MapReduce has been proven as a technique for high-scale data analysis by Internet leaders such as Google and Yahoo. Greenplum gives enterprises the best of both worlds – MapReduce for programmers and SQL for DBAs – and will execute both MapReduce and SQL directly within Greenplum’s parallel dataflow engine, which is at the heart of the Greenplum Database.
Greenplum MapReduce enables programmers to run analytics against petabyte-scale datasets stored in and outside of the Greenplum Database. Greenplum MapReduce brings the benefits of a growing standard programming model to the reliability and familiarity of the relational database. The new capability expands the Greenplum Database to support MapReduce programs.
Parallel dataflow engine: MapReduce + SQL
“Greenplum has been mastering the use of a parallel dataflow engine as the heart of our core product, Greenplum Database.
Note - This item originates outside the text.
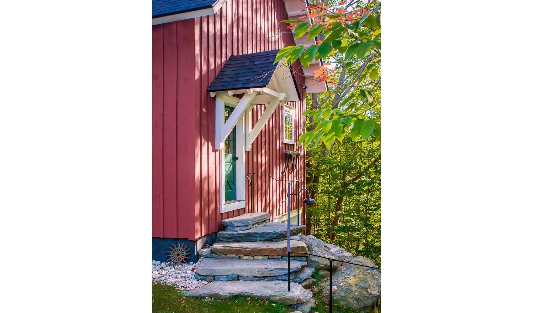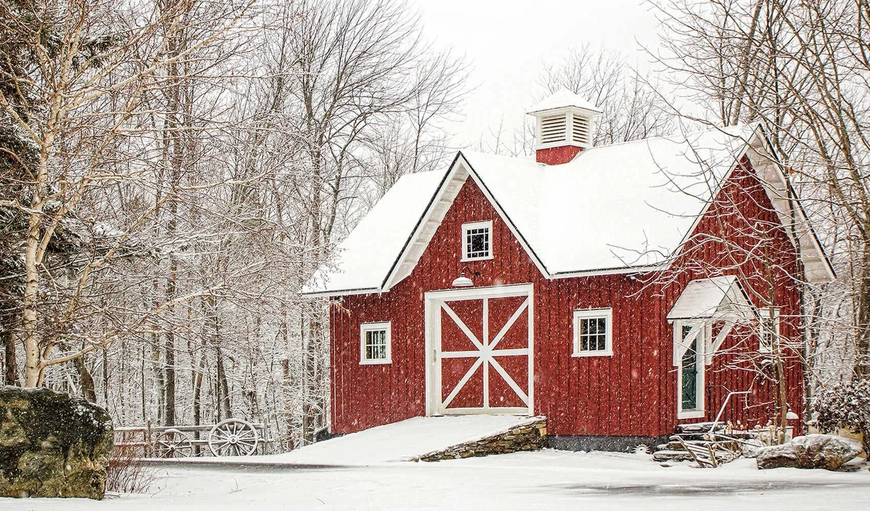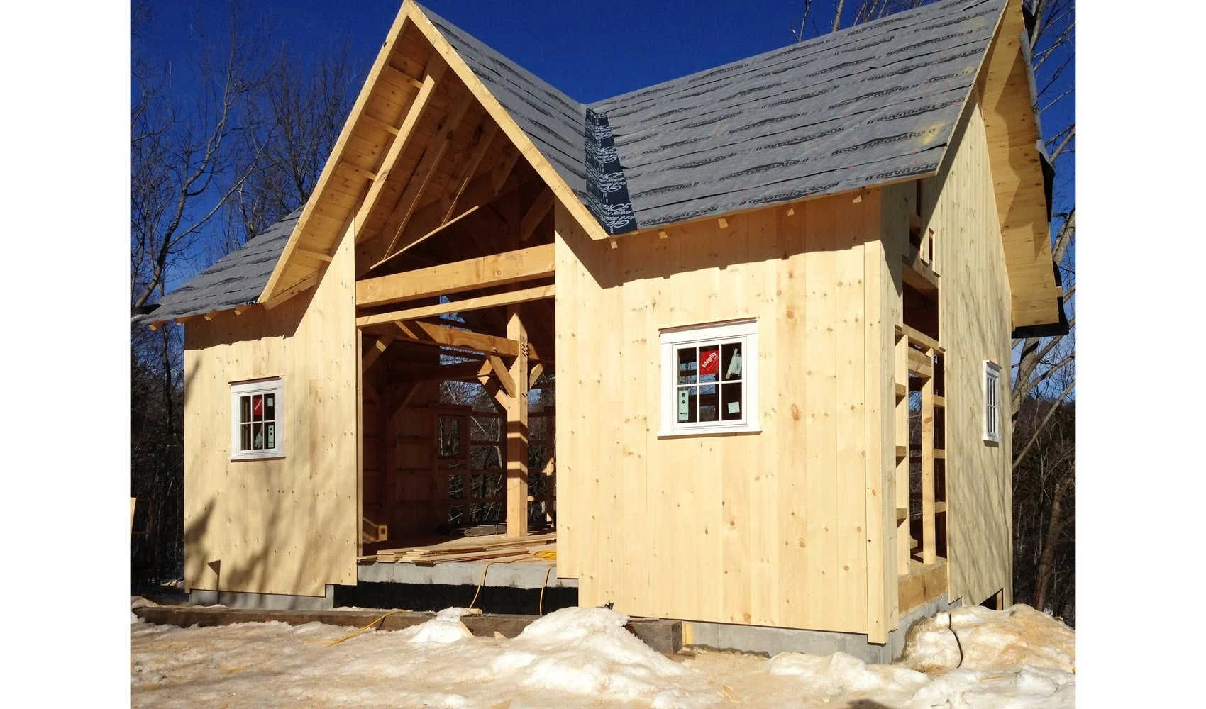 Snow Barn is a small timber frame barn built in a traditional style, large enough to store a tractor and gardening supplies.

With several years of experience developing and deploying Greenplum Database at companies large and small, we know how to build highly scalable data solutions. Adding MapReduce means our customers will be able to use a leading-edge new technology on a stable, reliable foundation.”
Luke Lonergan, CTO, Greenplum
Key Driver: Need For Petabyte-Scale Data Analytics
Greenplum customers have been involved in an early-access program utilizing Greenplum MapReduce for advanced analytics. For example, LinkedIn is using Greenplum Database for new innovative social networking features such as “People You May Know” and is evaluating Greenplum MapReduce as a way to develop compelling analytics products faster. A primary benefit of the new capability is that customers can combine SQL queries and MapReduce programs into unified tasks that are executed in parallel across hundreds or thousands of cores.
“The integration of MapReduce into Greenplum Database creates new ways to manage our text analysis efforts. What previously would require us to take data out of the database or write complex SQL queries can now be simplified into a few lines of code.”
Roger Magoulas, Research Director, O’Reilly Media
"The most exciting aspect of MapReduce is the excitement it is generating. It's attracting talented programmers -- many of whom don't want to buy or use SQL databases -- and enabling them to wrangle enormous data sets without leaving their familiar programming paradigms. Any movement that brings that much compute power to a larger talent base has the potential to produce game-changing results."
Joe Hellerstein, Professor, UC Berkeley
Key Features of Greenplum MapReduce
- Combine SQL & MapReduce
- Process any type of data wherever it lives
- Enterprise-level integration and support